### What is being asked
What must be handed in is the entire listing, exactly as written, with no pictures.

### Dataset section
_ _ _ _ _

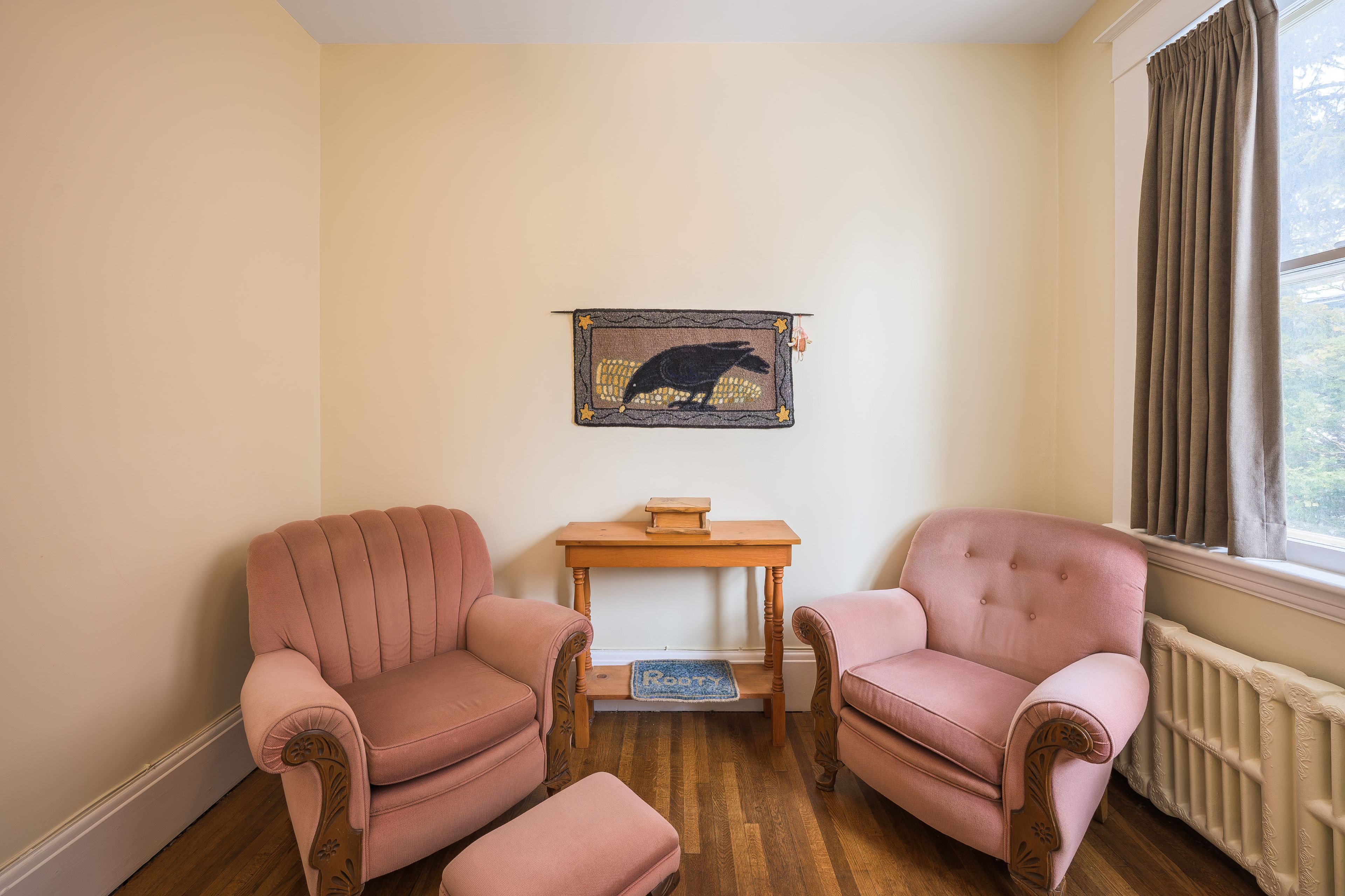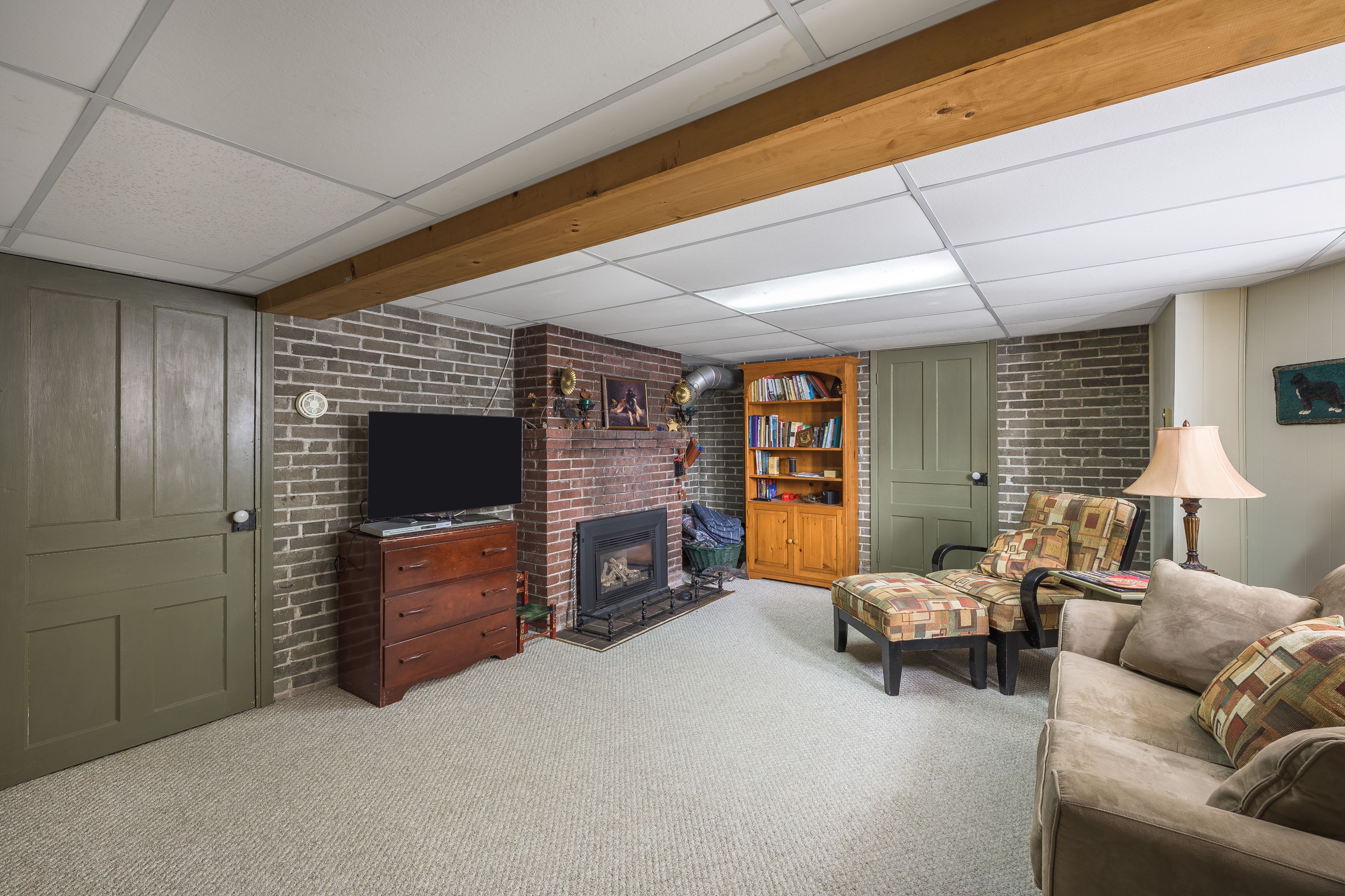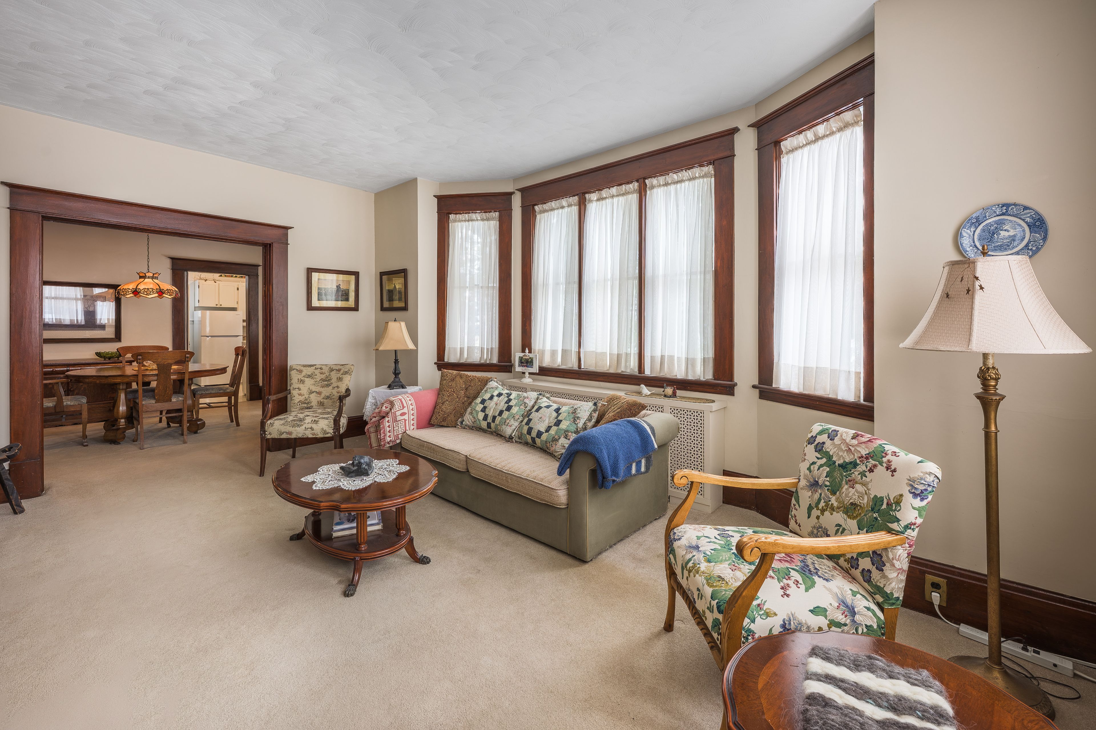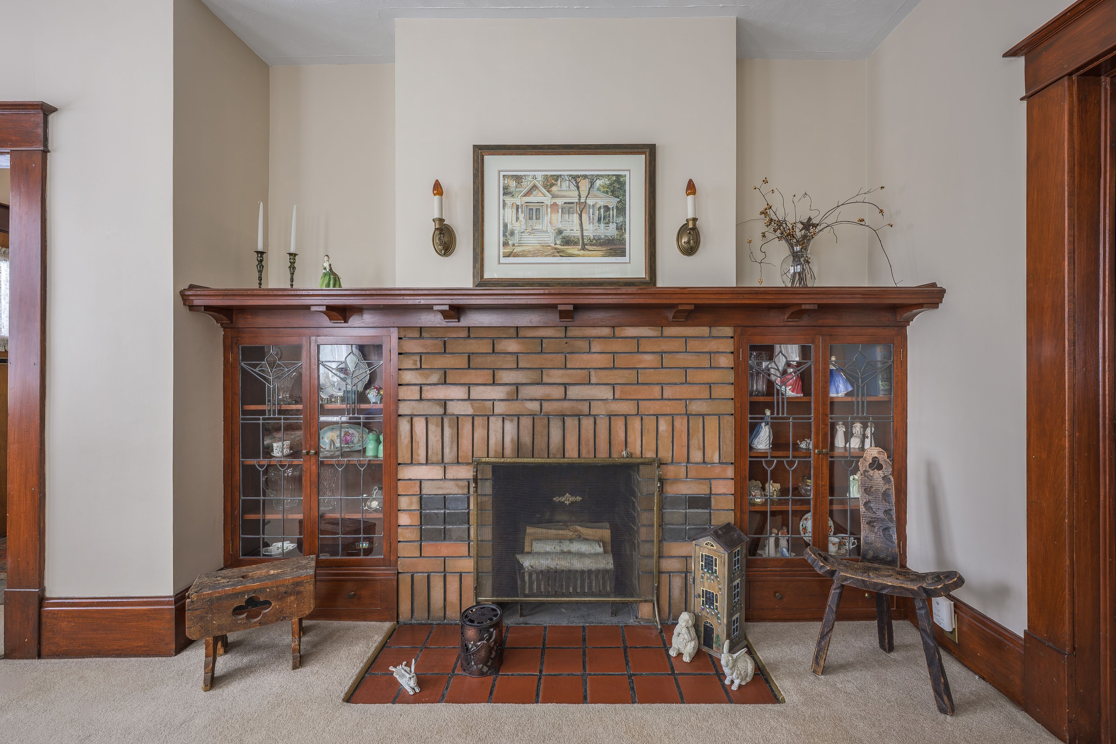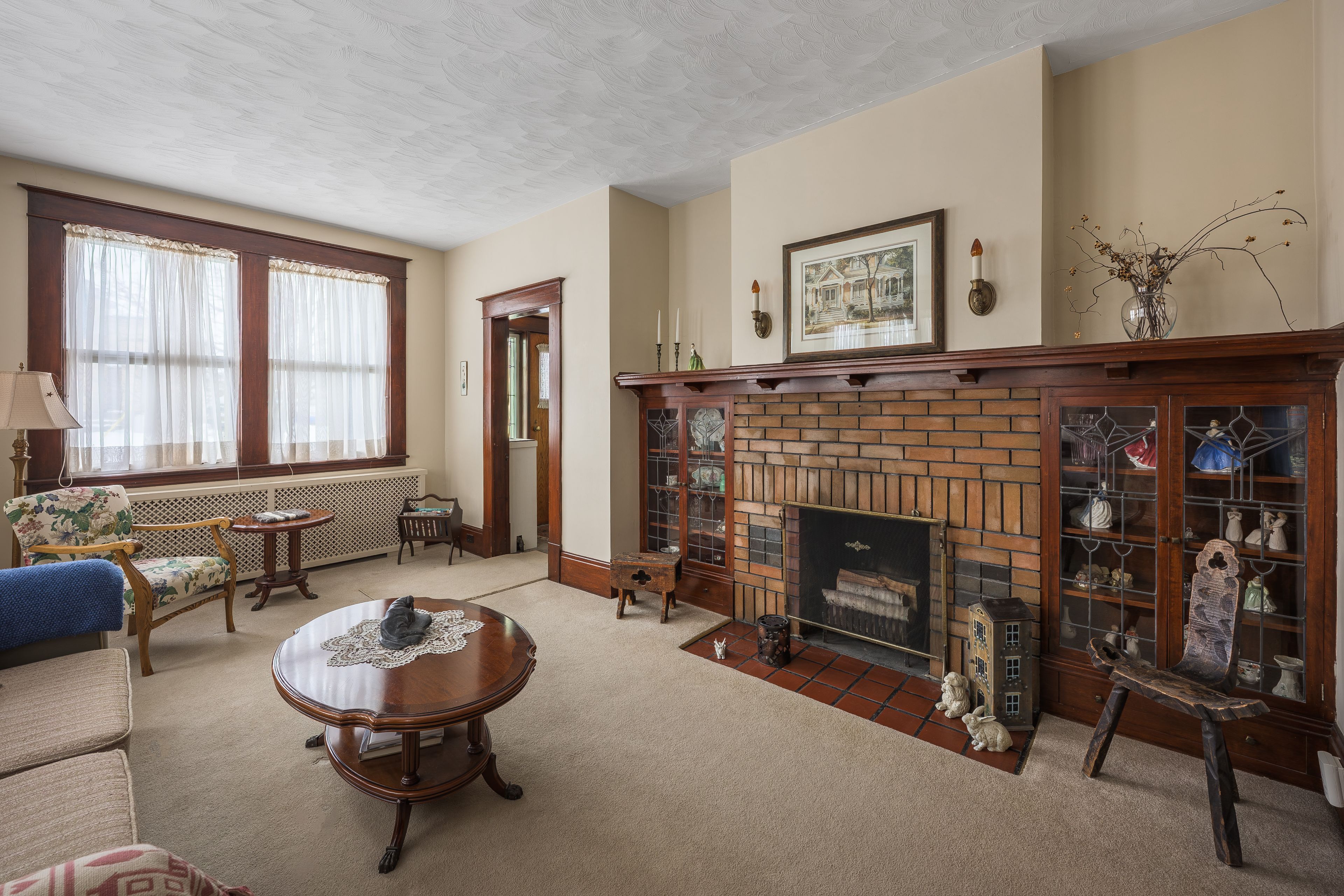 • Bright living room with natural light and cozy wood-burning fireplace.
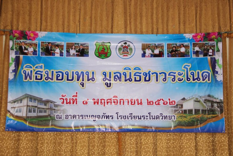 พิธืมอบทุนการศึกษาของมูลนิธิชาวระโนดให้แกนักเรียนในพื้นที่อำเภอระโนด ประจำปี 2562
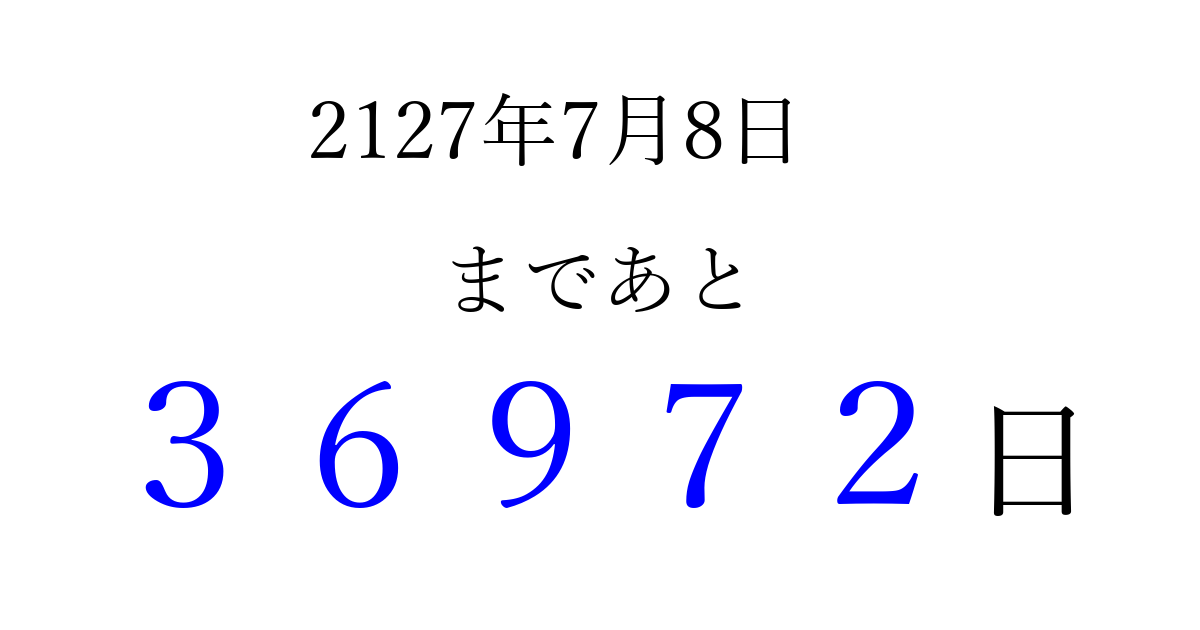 2127年7月8日(火)まで あと 99999 日です 追加すると、トップページからすぐ選べるようになります ※2026/04/16現在の結果です。 最新の状態に更新する ↓シェアして、タイムライン上にカウントダウンを表示しよう!↓ 📤 この結果を共有する Tweet シェア Threads Bluesky 別の日付でカウントダウン 2127年7月のカレンダー このページをブックマークに追加すると、いつでもカウントダウンを確認できます。 (PC: Ctrl+D / Mac: ⌘+D) hitome-notes.comでは以下のページも運営しています。 指定日と期間から日付を計算 | ガチャ確率計算・シミュレーション | プライバシー・ポリシー 運営者:Avocado

_ _ _ _ _

### Exercise output
 • Bright living room with natural light and cozy wood-burning fireplace.
 พิธืมอบทุนการศึกษาของมูลนิธิชาวระโนดให้แกนักเรียนในพื้นที่อำเภอระโนด ประจำปี 2562
 2127年7月8日(火)まで あと 99999 日です 追加すると、トップページからすぐ選べるようになります ※2026/04/16現在の結果です。 最新の状態に更新する ↓シェアして、タイムライン上にカウントダウンを表示しよう!↓ 📤 この結果を共有する Tweet シェア Threads Bluesky 別の日付でカウントダウン 2127年7月のカレンダー このページをブックマークに追加すると、いつでもカウントダウンを確認できます。 (PC: Ctrl+D / Mac: ⌘+D) hitome-notes.comでは以下のページも運営しています。 指定日と期間から日付を計算 | ガチャ確率計算・シミュレーション | プライバシー・ポリシー 運営者:Avocado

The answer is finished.